We have made the following estimates for the transaction costs of individual investors in the A-share market in 2023: assuming that individual investors' transactions account for 60-70% of the total market (data provided by regulatory authorities, the proportion of individual investors' transactions in the A-share market in the first three quarters of 2022 reached a new low of 61.35%), then it is estimated that the total expenditure of individual investors' commissions and stamp duties in 2023 is between 53.6 billion yuan and 100 billion yuan. According to the distribution date, the total cash dividend amount of listed companies in 2023 for the whole year is 2.13 trillion yuan, assuming that the proportion of individual investors' dividends is consistent with that of the Shanghai Stock Exchange, it can be calculated that individual investors received a net dividend income of 262 billion to 327.7 billion yuan after tax (personal income tax applicable according to the holding period is 0-20%, and personal income tax can be exempted if the holding period is more than one year).

It can be seen that from the perspective of dividend distribution, investors in the A-share market can still obtain positive returns. But why are there always more investors who lose money than those who make money? The key lies in the continuous downward movement of the overall valuation level of A-shares and the frequent trading of individual investors. The income from the stock market comes from two aspects, one is dividend income, which has obviously increased in recent years; the other is the difference in income, which most individual investors will be negative.

 

Taking the annualized turnover rate of CSI 300 stocks from the beginning of 2022 to the end of the third quarter of this year and comparing it with the annualized turnover rate of stocks corresponding to the main global indices during the same period, the annualized turnover rate of CSI 300 is close to 3 times, that of the S&P 500 is 1.78 times, and that of the Nasdaq Index is 1.53 times. In contrast, the Nikkei 225, which has performed well in the past three years, has an annualized turnover rate of only 1 time.

In recent years, the proportion of A-share circulating market value held by individual investors has been about 30% of the total A-share circulating market value, but the proportion of transaction volume has exceeded 60% (more than 80% before 2016). We believe that excessive frequent trading, differences in cognitive levels, and information asymmetry are the fundamental reasons why most individual investors have a negative difference in income. Greed and fear are common weaknesses in human nature, and excessive frequent trading often leads to chasing rises and killing falls.

The difference in investment skills (including stock selection and timing) and information acquisition between individual investors with different wealth levels is an important reason for the intensification of wealth inequality in the field of equity investment.
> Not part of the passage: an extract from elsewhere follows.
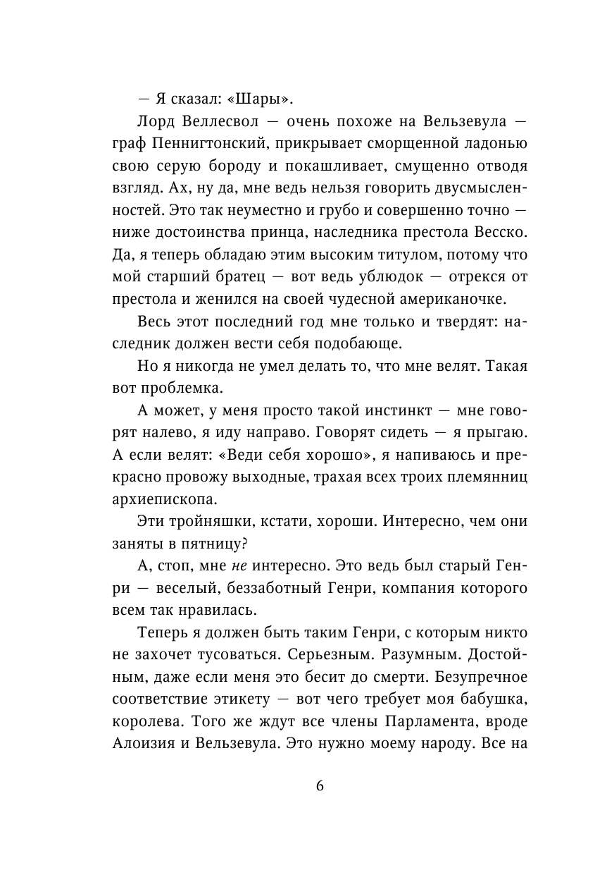 В первых главах Эмма Чейз показывает нам, читателям, как изменилась жизнь главного героя после того, как его старший брат отказался от короны в пользу любви. Теперь жизнь Генри больше похожа на ад: вечные встречи с парламентаристами, скучные игры в гольф, чтение меморандумов, получение новых знаний. Принца никогда не готовили к тому, что он когда-нибудь станет монархом, поэтому ему придется многое наверстать за короткий промежуток времени. Игривый, неунывающий, легкий на подъем Генри никак не может смириться с этой участью. Он не готов к таким резким переменам, но тем не менее, глубоко внутри, он не хочет подвести ни своего брата, ни свою бабушку-королеву, ни свой народ. Ведь его правление останется в истории навечно, и он хочет быть достойный правителем своей страны. Но как же возвратить те старые добрые времена, когда можно было творить что угодно и при этом относительно сухим выходить из воды? Правильно! Согласиться на авантюру!

Although both regulators and ordinary investors hope that a strong stock market can increase property income for everyone, and protect the interests of small and medium investors through legislation, strengthening supervision, and controlling the scale and pace of financing, the A-share market, as an emerging market, has a large difference in the cognitive level and investment level of market participants, and the overall governance level of listed companies also needs to be improved. Therefore, the expectation that a rising stock market can increase the property income of the majority of investors is just a beautiful wish, and the gap between ideal and reality is very large.
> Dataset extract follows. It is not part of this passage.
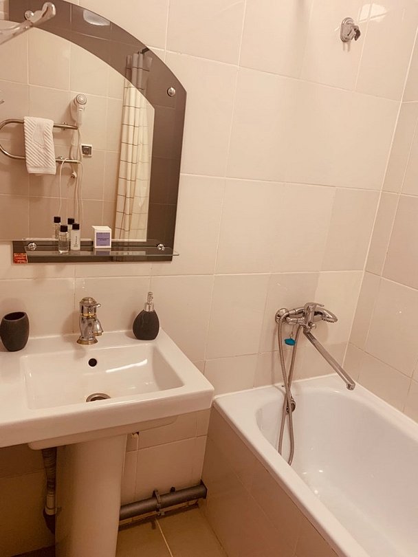спутниковое телевидение, Wi-Fi, светильник, фен, обогреватель, ванна, ванна или душевая кабина, водонагреватель, халаты, банные полотенца, тапочки, косметические средства, две односпальные или большая двуспальная кровать, тумбы, стулья, зеркало, две комнаты, чайный набор, чайник, унитаз, раковина, стол, туалетный столик, диван-кровать, раскладной диван, внутренний телефон, телевизор с плоским экраном, мини-холодильник, шкаф-купе, фумигатор, набор для приготовления чая и кофе, вешалки-плечики, бутилированная вода, затемняющая штора, прачечная (за дополнительную плату), без питомцевВ гостиничном номере

A more obvious fact is that the idea of promoting consumption through a bull market in stocks is completely unrealistic.

The stock market is a barometer of the economy; only when the economy is strong can the stock market be strong. It is unrealistic to expect the stock market to promote consumption or to shoulder the responsibility of promoting economic growth. Promoting consumption fundamentally requires long-term measures such as increasing fiscal expenditure in the field of people's livelihood and unswervingly promoting the reform of the tax and financial system to improve the income level of the middle and low-income groups.